Available data:
══════════

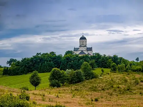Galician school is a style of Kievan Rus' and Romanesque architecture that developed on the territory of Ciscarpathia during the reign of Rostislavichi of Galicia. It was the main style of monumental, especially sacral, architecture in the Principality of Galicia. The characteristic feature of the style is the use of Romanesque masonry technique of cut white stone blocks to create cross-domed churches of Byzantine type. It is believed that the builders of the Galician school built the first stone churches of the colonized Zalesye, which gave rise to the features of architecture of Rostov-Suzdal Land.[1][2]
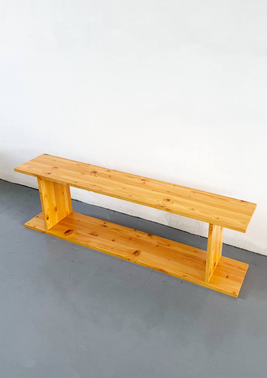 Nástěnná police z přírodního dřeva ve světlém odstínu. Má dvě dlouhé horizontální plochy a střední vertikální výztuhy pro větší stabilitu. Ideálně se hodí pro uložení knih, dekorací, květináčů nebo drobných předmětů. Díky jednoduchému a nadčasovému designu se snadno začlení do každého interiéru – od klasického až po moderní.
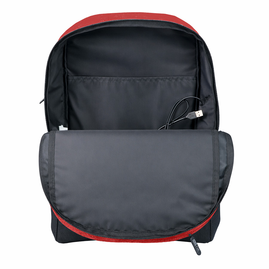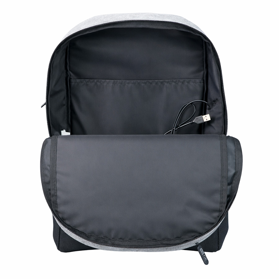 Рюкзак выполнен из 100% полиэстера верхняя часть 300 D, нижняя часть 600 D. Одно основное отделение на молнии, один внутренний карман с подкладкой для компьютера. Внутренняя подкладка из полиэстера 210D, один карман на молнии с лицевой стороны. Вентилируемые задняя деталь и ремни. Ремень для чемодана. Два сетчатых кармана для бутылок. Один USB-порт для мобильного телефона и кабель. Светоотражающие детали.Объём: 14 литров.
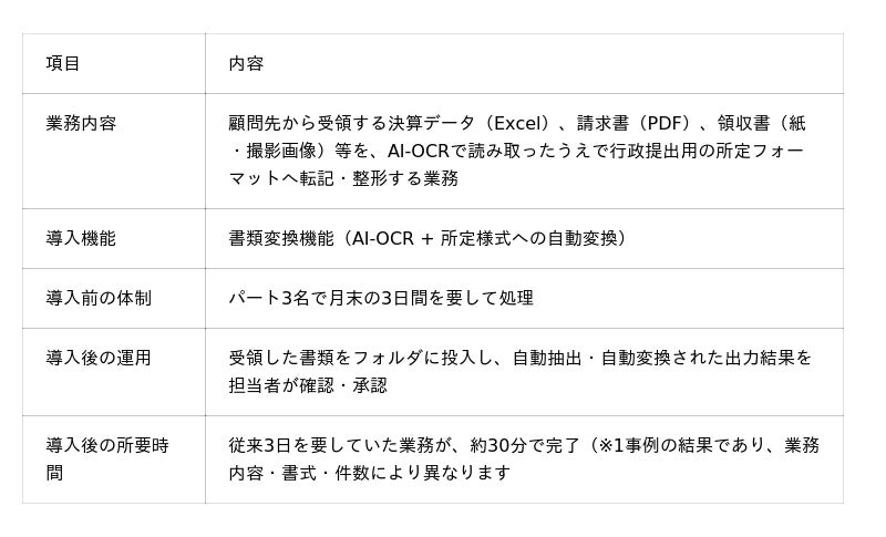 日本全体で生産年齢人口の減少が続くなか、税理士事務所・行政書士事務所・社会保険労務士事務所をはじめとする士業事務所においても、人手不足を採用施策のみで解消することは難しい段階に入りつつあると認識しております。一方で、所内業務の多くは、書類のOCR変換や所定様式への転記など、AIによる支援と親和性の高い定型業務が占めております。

══════════

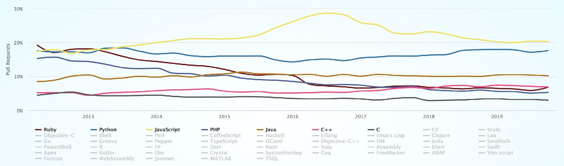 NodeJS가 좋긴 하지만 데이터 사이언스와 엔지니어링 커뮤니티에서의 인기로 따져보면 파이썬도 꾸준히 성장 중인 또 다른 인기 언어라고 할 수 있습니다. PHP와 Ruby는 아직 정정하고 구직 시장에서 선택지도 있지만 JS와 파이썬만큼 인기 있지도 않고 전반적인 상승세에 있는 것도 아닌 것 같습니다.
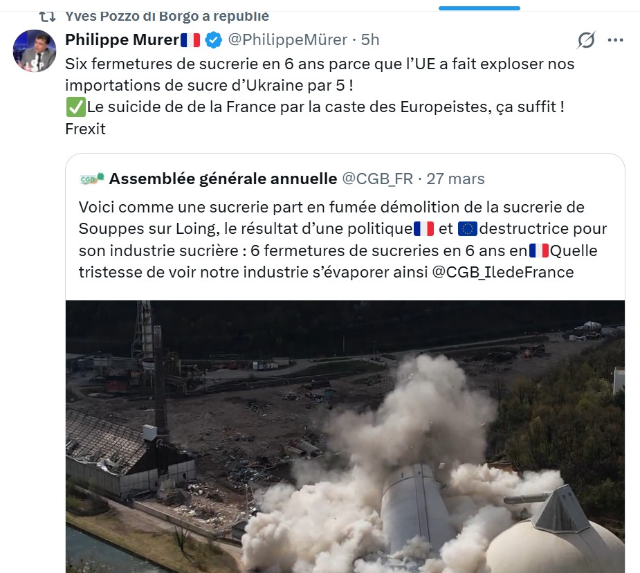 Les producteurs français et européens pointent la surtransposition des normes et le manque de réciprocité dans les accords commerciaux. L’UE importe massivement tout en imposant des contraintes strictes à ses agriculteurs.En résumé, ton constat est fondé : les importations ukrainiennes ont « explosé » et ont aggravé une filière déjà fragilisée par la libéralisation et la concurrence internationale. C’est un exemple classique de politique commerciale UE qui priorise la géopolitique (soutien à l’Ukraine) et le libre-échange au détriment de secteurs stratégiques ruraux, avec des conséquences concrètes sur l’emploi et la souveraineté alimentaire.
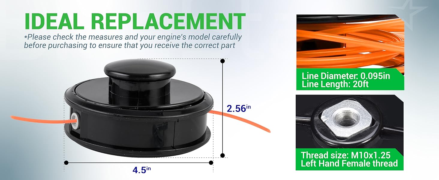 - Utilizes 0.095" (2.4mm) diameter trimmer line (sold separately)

══════════

Assigned task:
From the data above, return exactly the lines from the one with "Рюкзак выполнен из" up to and including the one with "日本全体で生産年齢人口の減少". Pictures do not go in the copy.

Solution for this exercise:
 Рюкзак выполнен из 100% полиэстера верхняя часть 300 D, нижняя часть 600 D. Одно основное отделение на молнии, один внутренний карман с подкладкой для компьютера. Внутренняя подкладка из полиэстера 210D, один карман на молнии с лицевой стороны. Вентилируемые задняя деталь и ремни. Ремень для чемодана. Два сетчатых кармана для бутылок. Один USB-порт для мобильного телефона и кабель. Светоотражающие детали.Объём: 14 литров.
 日本全体で生産年齢人口の減少が続くなか、税理士事務所・行政書士事務所・社会保険労務士事務所をはじめとする士業事務所においても、人手不足を採用施策のみで解消することは難しい段階に入りつつあると認識しております。一方で、所内業務の多くは、書類のOCR変換や所定様式への転記など、AIによる支援と親和性の高い定型業務が占めております。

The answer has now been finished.